Work request:
From the line with "suas próprias prerrogativas." to the end of the data below, restate each line word for word, both ends included, without the pictures.

··· Data shown

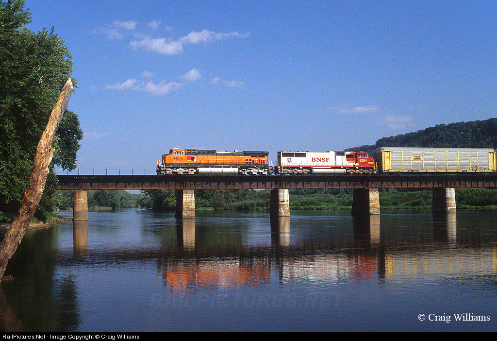 With the 268 Dash 9's delivered to the BNSF in 1998, GE got alittle behind on painting units, so some units came out without lettering. Here one of those Dash 9's lead a westbound auto rack train across the Wisconsin River Bridge south of Prairie. The train is 67 miles from LaCrosse, WI, next crew change.
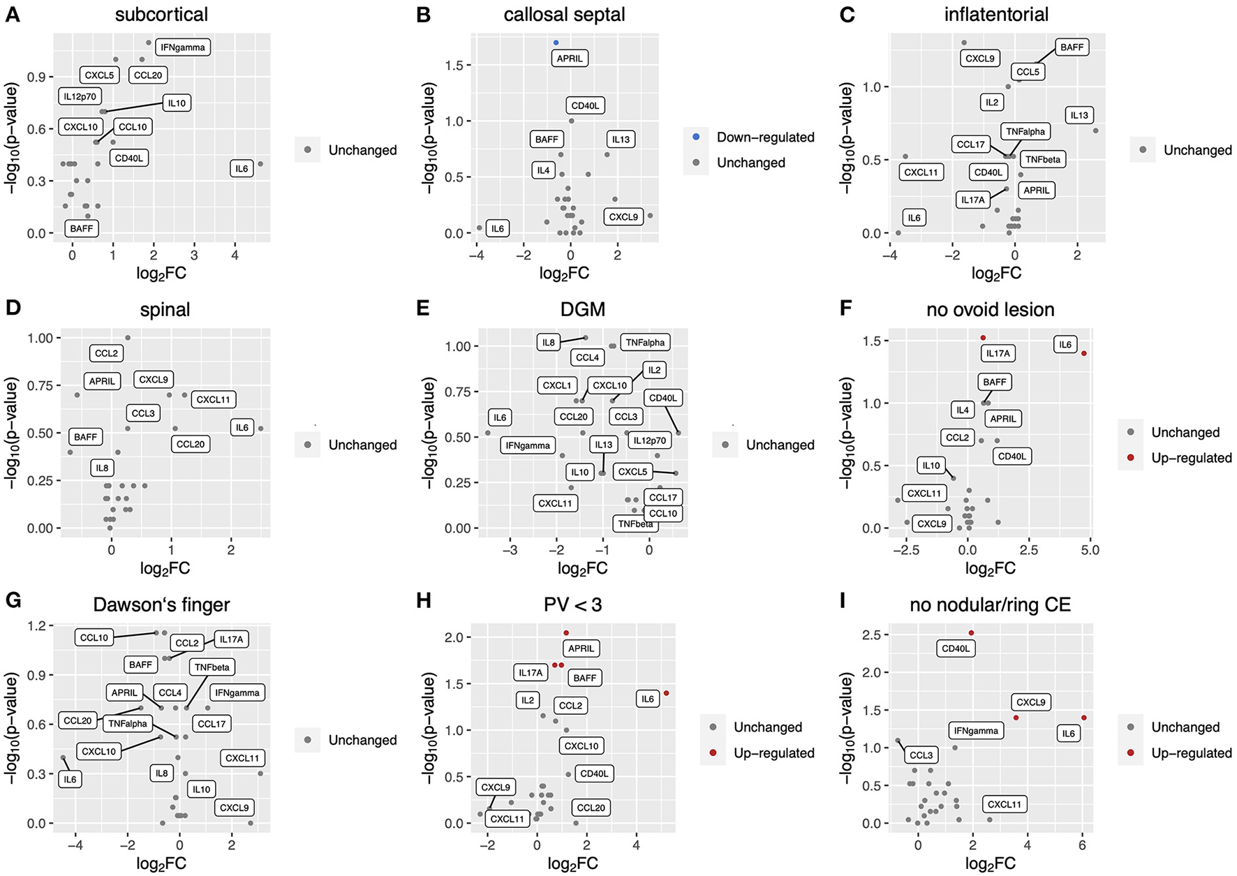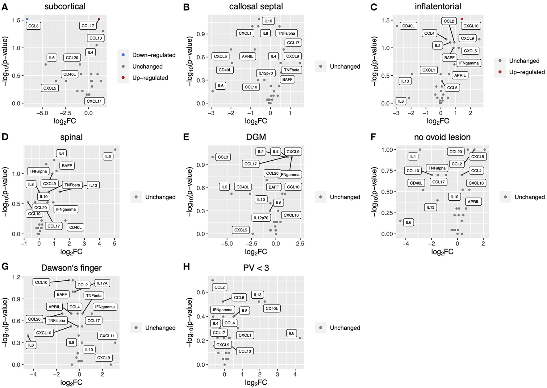 Correlation of CSF inflammatory profile with radiological findings at MS diagnosis. Volcano plot showing log2 (fold change, FC) against –log10 (p-value) of CSF inflammatory profile based on radiological findings as follows: (A), subcortical lesion; (B), callosal septal lesion; (C), inflatentorial lesion; (D), spinal lesion; (E), DGM lesion; (F), no ovoid lesion; (G), Dawson‘s finger; (H), less than three PV. Red or blue indicates elevation or reduction, respectively, of cytokine/chemokine levels with a significant FC (|FC| > 1.5) and p-value (< 0.05). CSF, cerebrospinal fluid; MS, multiple sclerosis; DGM, deep gray matter lesion; PV, periventricular lesions; CE, contrast-enhancing.
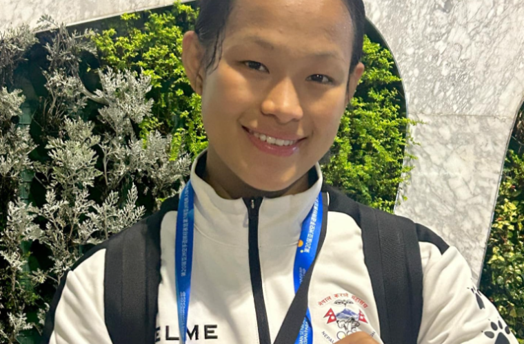 In the final match organized by the Asian Karate Federation at Hangzhou of China on Sunday, Gurung defeated Vietnam’s player Nguyen Thi Ngoan by 6-0 to secure the silver medal.
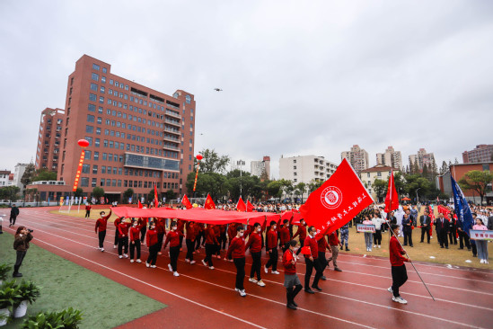 运动的激情驱散初冬的细雨,迸发的青春唱响时代的旋律。国旗仪仗队高擎鲜艳的五星红旗,正步走过主席台,伴随着激昂的运动员进行曲,来自各学院的代表方阵依次入场。他们精神饱满、英姿飒爽、昂首阔步,充分展现了上理师生开拓进取、奋勇拼搏的精神风貌。从容的微笑,整齐的步伐,传递青春的活力;嘹亮的口号,多样的展演方式,体现学院的特色。代表学校体育教学延伸的竞赛班和体育社团也在开幕式上进行了表演。
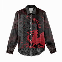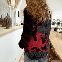 Wales Women Casual Shirt Celtic Cross Welsh Red Dragon
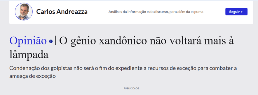 O artigo “O gênio xandônico não voltará mais à lâmpada”, de Carlos Andreazza, publicado em 28 de novembro de 2025, é o registro jornalístico mais importante desde a redemocratização, pois é a confissão mais explícita já feita pela mídia progressista sobre o regime de exceção judicial que se consolidou no Brasil. Diferentemente dos textos que tentam disfarçar arbitrariedades sob o pretexto da defesa da democracia, Andreazza assume sem rodeios que não houve simples excessos, mas uma transformação estrutural do sistema: aquilo que Moraes fez não foi uma sequência de decisões extraordinárias — foi a criação de um modelo de poder. Ele afirma, de forma quase didática, que o “gênio” não volta mais para a lâmpada porque o precedente institucional permanece mesmo que o operador mude. É a admissão de que o país passou por uma mutação constitucional informal, na qual o tribunal reinventou suas próprias prerrogativas.
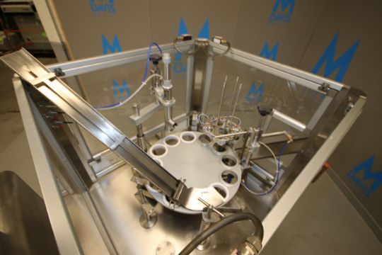 2010 Technogel 12-Station S/S Rotary Cup Filler, Machine Type: ROTARY 4000 ELETTRONICA, S/N R1058N/01E, 220 Volts, 3 Phase, with Aprox. 3-1/2" Dia. Cup Holsters with S/S Feed Chutes & Discharge Chutes, with (2) Totes of Assorted Change Parts, Mounted on S/S Portable Frame (IN#69501) (LOCATED AT M. DAVIS GROUP AUCTION SHOWROOM--PITTSBURGH, PA) (Rigging, Handling & Site Management Fee: $300.00)
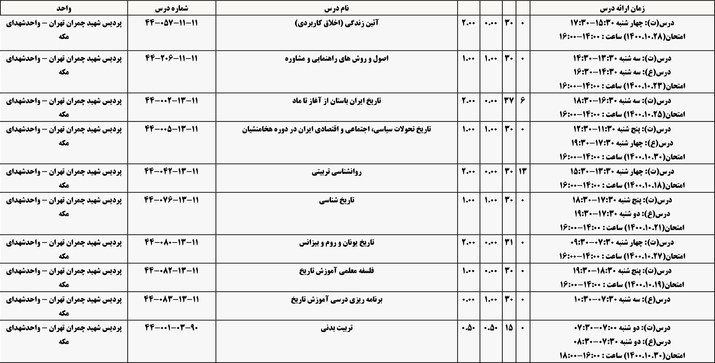 برنامه هفتگی رشته آموزش تاریخ ورودی مهر 1400

······

Answer space:
 O artigo “O gênio xandônico não voltará mais à lâmpada”, de Carlos Andreazza, publicado em 28 de novembro de 2025, é o registro jornalístico mais importante desde a redemocratização, pois é a confissão mais explícita já feita pela mídia progressista sobre o regime de exceção judicial que se consolidou no Brasil. Diferentemente dos textos que tentam disfarçar arbitrariedades sob o pretexto da defesa da democracia, Andreazza assume sem rodeios que não houve simples excessos, mas uma transformação estrutural do sistema: aquilo que Moraes fez não foi uma sequência de decisões extraordinárias — foi a criação de um modelo de poder. Ele afirma, de forma quase didática, que o “gênio” não volta mais para a lâmpada porque o precedente institucional permanece mesmo que o operador mude. É a admissão de que o país passou por uma mutação constitucional informal, na qual o tribunal reinventou suas próprias prerrogativas.
 2010 Technogel 12-Station S/S Rotary Cup Filler, Machine Type: ROTARY 4000 ELETTRONICA, S/N R1058N/01E, 220 Volts, 3 Phase, with Aprox. 3-1/2" Dia. Cup Holsters with S/S Feed Chutes & Discharge Chutes, with (2) Totes of Assorted Change Parts, Mounted on S/S Portable Frame (IN#69501) (LOCATED AT M. DAVIS GROUP AUCTION SHOWROOM--PITTSBURGH, PA) (Rigging, Handling & Site Management Fee: $300.00)
 برنامه هفتگی رشته آموزش تاریخ ورودی مهر 1400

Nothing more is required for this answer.